Mecca was the last of the great caravan cities. It probably began as a tribal shrine, with perhaps a surrounding encampment. Mecca produced nothing; it consumed only negligible quantities of the incense and spices that were a staple of the trade; and there was no natural resource such as a river to require transshipment (Bulliet, The Camel and the Wheel, 105). The main caravans, one in the summer and one in the winter, were communal undertakings in which all the tribes took part. Mecca and Medina were not only the holy places of Islam, but also the cradle of its culture, its business, and its government (Labib, “Capitalism,” 79).

Innovation and keeping up with new developments are part of human nature.
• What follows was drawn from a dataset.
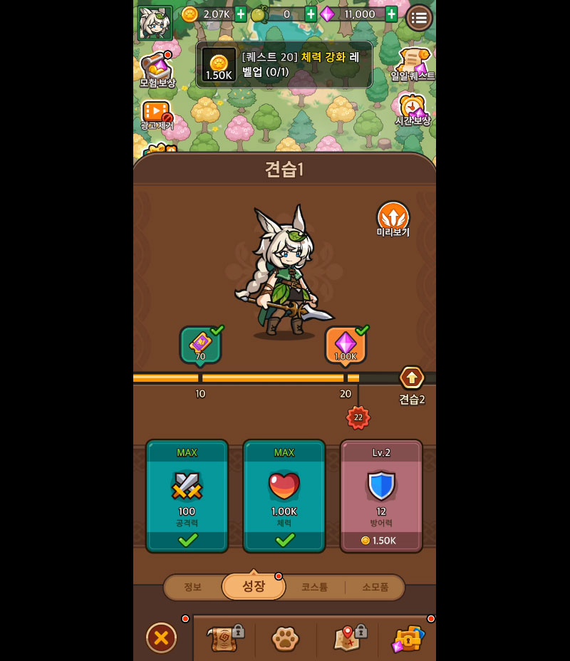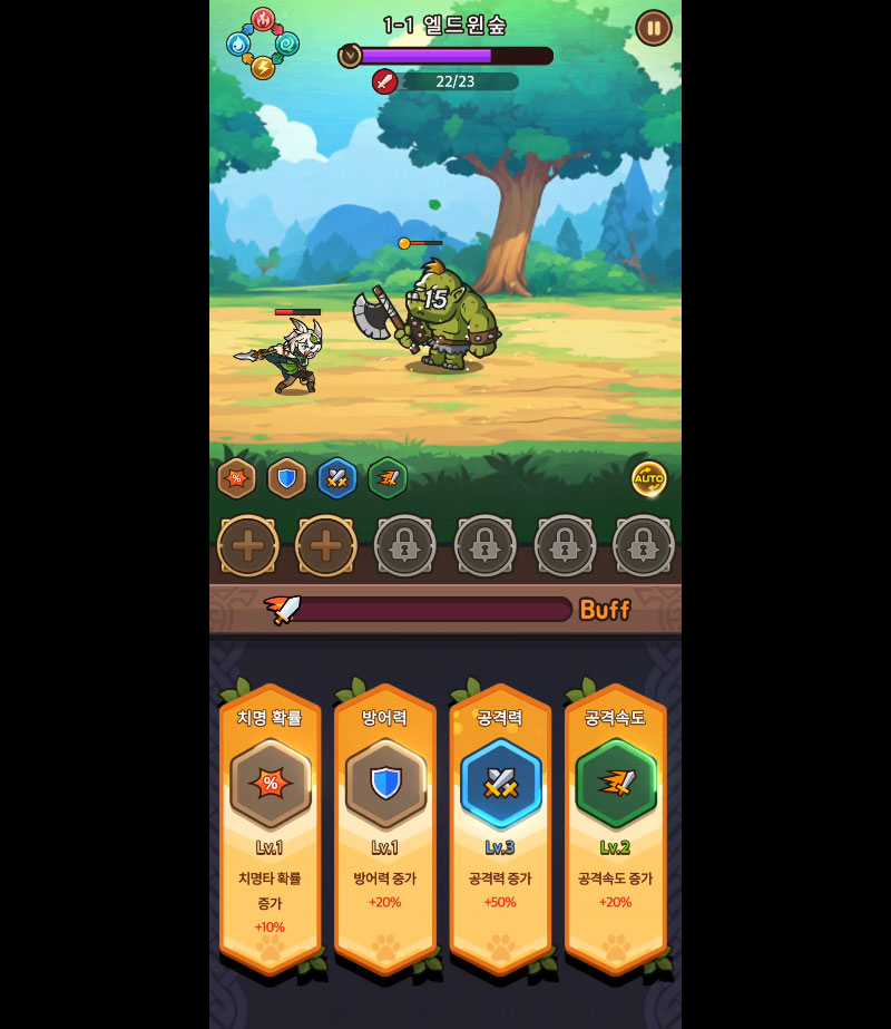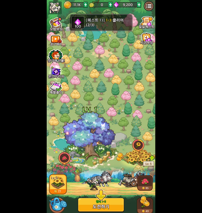 세계수를 키우고 숲을 확장하면서 새로운 스킬, 동료, 시설이 해금됩니다.

Although the obsession with technology might be considered “modern,” it is not really. The ancients invented many things such as the stirrup, ships, and Greek flame throwers, and undoubtedly took pride in being up-to-date and to use a twentieth century word “competitive” with the latest technology. 

On the other hand, the reversion of the Middle East to the “technology” of the camel as a prime means of transport instead of the seemingly more advanced wheeled carts was an anomaly, driven, as has been shown, by practicality and cost. It can be argued that the geography of the area was also a consideration, as it impacts distance and accessibility, commonly the most basic considerations affecting transportation costs.

But things change with time. The trans-Saharan caravans of up to 24,000 camels, covering distances of several thousand kilometers, finally seemed to come to an end at the beginning of the 20th century. There were many reasons, all connected with the growing influence of the European powers in the north and west (Weiss et al., The Bazaar, 31). The system was seriously endangered by the catastrophic drought there in the late 1960s and when rainfall was at a record low in the beginning of the 1980s, salt caravans were stopped the government replaced them with trucks. An age-old tradition had finally died out or so it seemed. But in 1986, the old mode of transport was revived, as though it had been brought to a temporary halt by the climate. Once again, the camel had triumphed (Weiss et al., The Bazaar, 31). That camels lasted as long as they did is a testament to the belief that what is “modern” and “technological” is not always the best.